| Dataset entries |

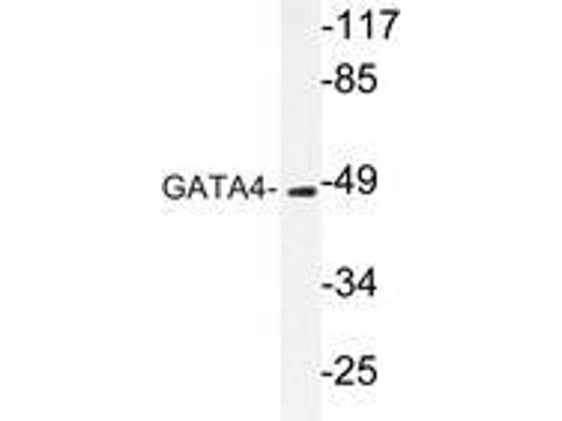 GATA4 is a 46 kDa member of the GATA family of zinc finger containing transcription factors that is involved in the development of cardiac hypertrophy and remodeling, and plays a critical role in regulating basal and agonist or stress induced gene expression in cardiac and smooth muscle cell types. GATA4 contains a conserved MAPK phosphorylation site at serine 105 within the transcriptional activation domain. Serine 105 of GATA4 is phosphorylated in response to agonist stimulation through MEK 1 ERK1 / 2, and weakly through JNK or p38 MAPKs.Synonyms: GATA-4, GATA-binding factor 4, Transcription factor GATA-4
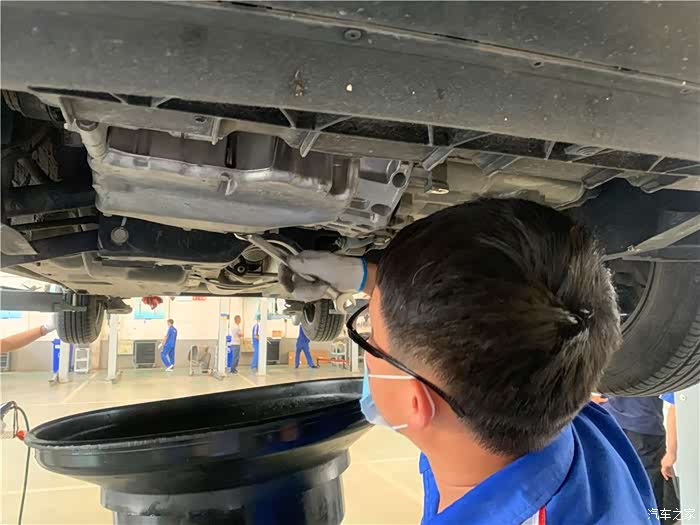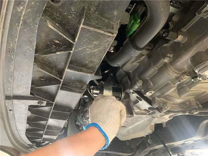 拆卸放油螺丝准备放旧机油。
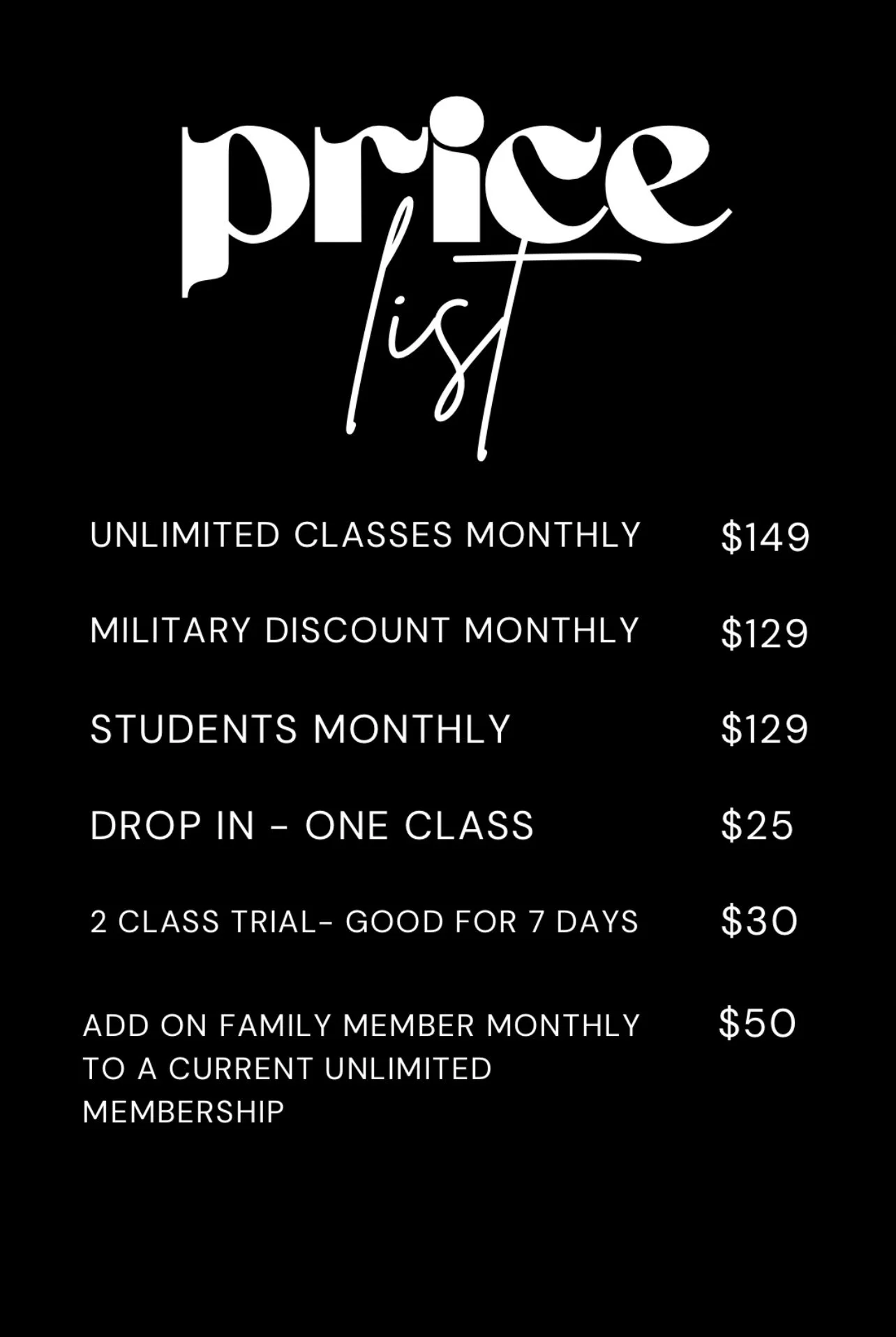 Please Cancel Weekday Classes with 6 hour notice to avoid a late cancel fee of $20
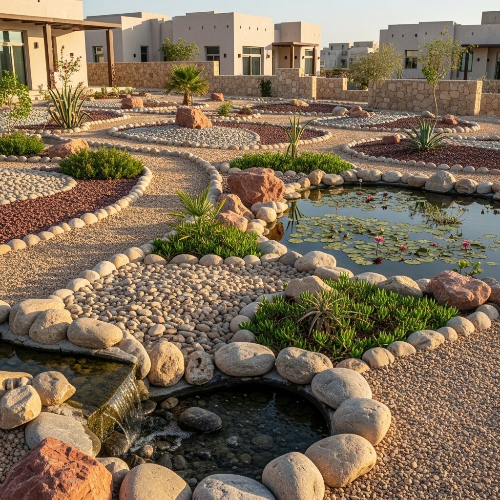In Al Koudh, we crafted a modern stone garden with patterned rock arrangements, ornamental grasses, and sculptural elements for a clean, artistic look.
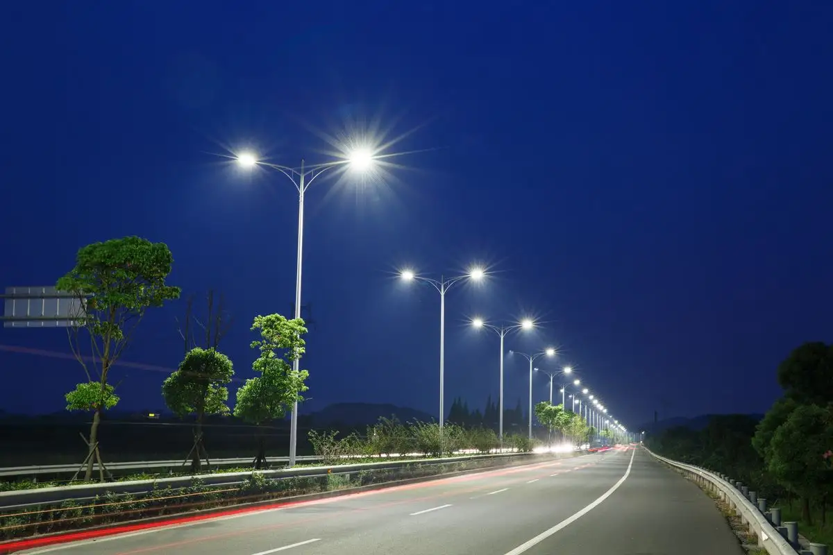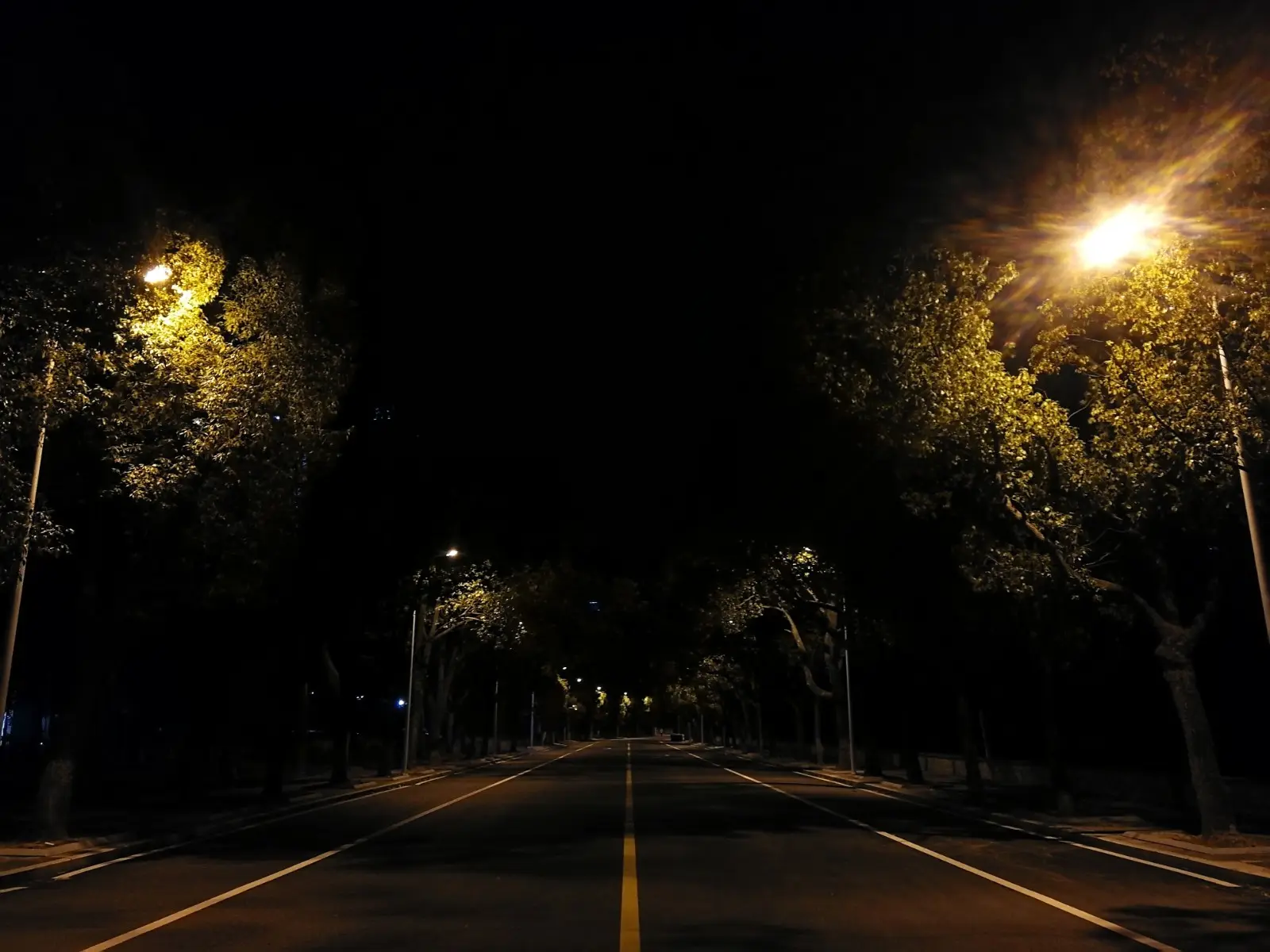 路灯笔直得立在道路的两边像一条条平行线,又像一个个士兵,或许站在那里照亮路面是它的工作也是它的职责吧。
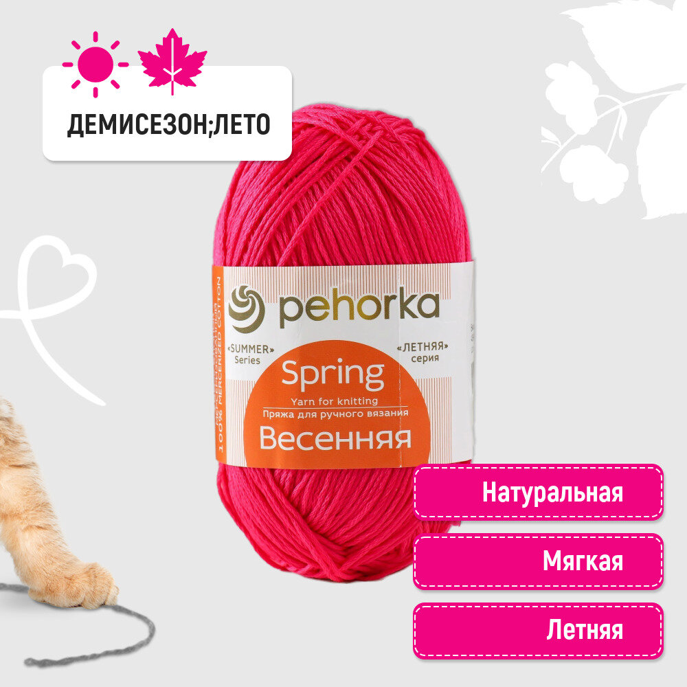 Пряжа Пехорка Весенняя малиновый (439), 100%мерсеризованный хлопок, 250м, 100г, 1шт
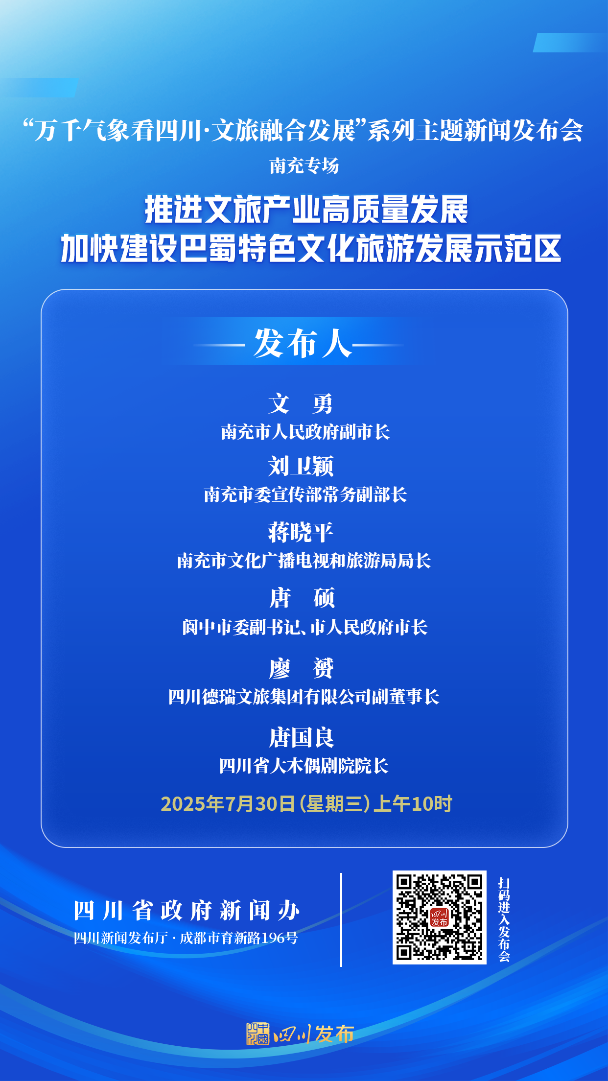 2025年7月30日(星期三)10:00,省政府新闻办将在四川新闻发布厅举行“万千气象看四川·文旅融合发展”系列主题新闻发布会南充专场,南充市人民政府副市长文勇围绕“推进文旅产业高质量发展 加快建设巴蜀特色文化旅游发展示范区”作介绍,南充市委宣传部常务副部长刘卫颖,南充市文化广播电视和旅游局局长蒋晓平,阆中市委副书记、市人民政府市长唐硕,四川德瑞文旅集团有限公司副董事长廖赟,四川省大木偶剧院院长唐国良答记者问。四川发布客户端将全程图文直播,敬请关注!

| Exercise brief |
Pictures are to be dropped; every line of the records is to be returned unchanged.

| Solved exercise |
 GATA4 is a 46 kDa member of the GATA family of zinc finger containing transcription factors that is involved in the development of cardiac hypertrophy and remodeling, and plays a critical role in regulating basal and agonist or stress induced gene expression in cardiac and smooth muscle cell types. GATA4 contains a conserved MAPK phosphorylation site at serine 105 within the transcriptional activation domain. Serine 105 of GATA4 is phosphorylated in response to agonist stimulation through MEK 1 ERK1 / 2, and weakly through JNK or p38 MAPKs.Synonyms: GATA-4, GATA-binding factor 4, Transcription factor GATA-4
 拆卸放油螺丝准备放旧机油。
 Please Cancel Weekday Classes with 6 hour notice to avoid a late cancel fee of $20
In Al Koudh, we crafted a modern stone garden with patterned rock arrangements, ornamental grasses, and sculptural elements for a clean, artistic look.
 路灯笔直得立在道路的两边像一条条平行线,又像一个个士兵,或许站在那里照亮路面是它的工作也是它的职责吧。
 Пряжа Пехорка Весенняя малиновый (439), 100%мерсеризованный хлопок, 250м, 100г, 1шт
 2025年7月30日(星期三)10:00,省政府新闻办将在四川新闻发布厅举行“万千气象看四川·文旅融合发展”系列主题新闻发布会南充专场,南充市人民政府副市长文勇围绕“推进文旅产业高质量发展 加快建设巴蜀特色文化旅游发展示范区”作介绍,南充市委宣传部常务副部长刘卫颖,南充市文化广播电视和旅游局局长蒋晓平,阆中市委副书记、市人民政府市长唐硕,四川德瑞文旅集团有限公司副董事长廖赟,四川省大木偶剧院院长唐国良答记者问。四川发布客户端将全程图文直播,敬请关注!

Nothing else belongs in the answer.